Losing logs in ELK

  • Setup: Kubernetes cluster with filebeat-7.12.0 -> logstash-7.9. -> elasticsearch-7.9.1 -> kibana-7.9.1

  • Problem: we lose many logs often and sometimes in a massive way, as in we stop seeing logs from one or more pods (confirmed fact from other logging/alert mechanisms), we don't know where/how. There is no particular event that we can relate to logs from some k8s pods not starting to appear in ES; it's not tied to a particular server of particular type of pod or anything we can isolate or reproduce.

  • Settings and resource utilization:

    • server-side: 3 ES nodes (in all master/ingest/data roles) and 3 Logstash pods on 3 dedicated servers (4 CPU, 16 GB RAM).
    • ES JVM: "-Xmx5g -Xms5g". Memory limit at 9Gi and no limit on CPU.
    • ES: CPU usage around 30%, disk usage less than 70% of a total 3.5Tx3 disks. Documents: ~3, 6, 9 billion. Heap usage between 2.3 - 3.7 GiB. "active_primary_shards" : 151, "active_shards" : 426.
    • Logstash: uses 0.02-0.4 CPU and 1 - 1.5 GB and its limits are 1CPU and 2GB.
    • Client-side: filebeat with no resource limits running on 20-25 servers and 2-10 pods on each host. No capacity issues detected (k8s CPU throttling, OOM, restarts etc). Each filebeat uses about 0.15 CPUs and ~ 330 MiB.
    • We generate about 30M logs per day.
  • Nothing I can see indicates a direct capacity/resource issue in ES (eg GET /_nodes/hot_threads etc) or in any other component.

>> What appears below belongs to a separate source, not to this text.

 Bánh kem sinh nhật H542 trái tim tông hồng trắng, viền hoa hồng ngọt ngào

  • I don't know if the issue is in filebeat not sending logs, logstash dropping them or somehow in ES. Looking at error logs:

    • Filebeat shows about 200 - 500 errors a day of these types:

      Harvester could not be started on new file: ... Err: error setting up harvester: Harvester setup failed. Unexpected file opening error: file info is not identical with opened file. Aborting harvesting and retrying file later again
      Harvester could not be started on new file: ... Err: error setting up harvester: Harvester setup failed. Unexpected file opening error: failed to stat source file
      [logstash]	logstash/async.go:280	Failed to publish events caused by: client is not connected
    • Logstash only shows one type of error about expecting the log to be json but getting a concrete value, this is one application sending a bad log. Incidentally, this is hard to debug because logstash doesn't tell you what the source log is (not even the filebeat instance) , so there's no way to know from this error where the issue is coming from. In any case, unrelated to missing logs.

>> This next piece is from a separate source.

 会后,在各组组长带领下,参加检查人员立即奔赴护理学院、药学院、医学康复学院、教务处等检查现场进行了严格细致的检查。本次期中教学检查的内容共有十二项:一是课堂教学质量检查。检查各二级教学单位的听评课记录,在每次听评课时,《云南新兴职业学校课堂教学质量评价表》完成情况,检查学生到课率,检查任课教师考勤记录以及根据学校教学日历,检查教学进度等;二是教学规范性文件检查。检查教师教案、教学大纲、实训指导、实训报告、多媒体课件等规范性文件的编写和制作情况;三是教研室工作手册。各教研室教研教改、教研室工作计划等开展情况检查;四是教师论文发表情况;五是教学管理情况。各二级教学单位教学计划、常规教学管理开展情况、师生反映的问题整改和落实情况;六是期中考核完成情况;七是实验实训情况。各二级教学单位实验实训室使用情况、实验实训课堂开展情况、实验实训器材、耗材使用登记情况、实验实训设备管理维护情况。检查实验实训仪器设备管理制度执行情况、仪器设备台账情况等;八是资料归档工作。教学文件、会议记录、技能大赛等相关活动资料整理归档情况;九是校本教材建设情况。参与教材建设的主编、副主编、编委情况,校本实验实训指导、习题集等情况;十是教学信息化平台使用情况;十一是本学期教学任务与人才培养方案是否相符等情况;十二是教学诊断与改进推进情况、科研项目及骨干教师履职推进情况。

    • ES errors: they are about search errors.

  • I've search all the errors and I haven't found anything actionable or anything that matches our situation. A weak hypothesis is that if we get a lot of quick log rotations, we may lose some logs because k8s moves rotated logs outside of reach of filebeat. Still this wouldn't explain a massive number of logs missing.

  • As for the Logstash dropping logs, not sure how to confirm one way or another; I don't have errors about that and querying the stats I get almost the same amount of events in/filtered/out and if it was dropping logs I'd expect the numbers for in and out to be different.

These seem pretty relevant.
Can you enable debug on one Filebeat pod and provide more logging?

Thanks (and sorry probably this would be more for the filebeat forum), I can try putting one filebeat in debug mode, although in K8s this is a bit of a PITA since they are DaemonSets (the same filebeat config running in each node), so I'll have to do a workaround like using taints in one node so that filebeat DaemonSet doesn't put a pod in it and separately and manually putting a filebeat pod in this host with debugging enabled.

I do have the filebeat pods with the stats endpoint enabled, so I can manually look at metrics like for ex for harverster in one pod:

kubectl exec filebeat-filebeat-fslqv -- curl -s -XGET 'localhost:5066/stats?pretty' |jq .filebeat.harvester
  "closed": 3,
  "open_files": 10,
  "running": 10,
  "skipped": 0,
  "started": 13

What are the guidelines for those metrics to be "good"? I imagine something like:

open_files = running
running + closed = started

Or what other metrics can I focus on that would indicate a problem (specifically with missing files/logs), like maybe registrar.write.fail > 0 , pipeline.events.failed > 0 or output.read|write.errors > 0 ?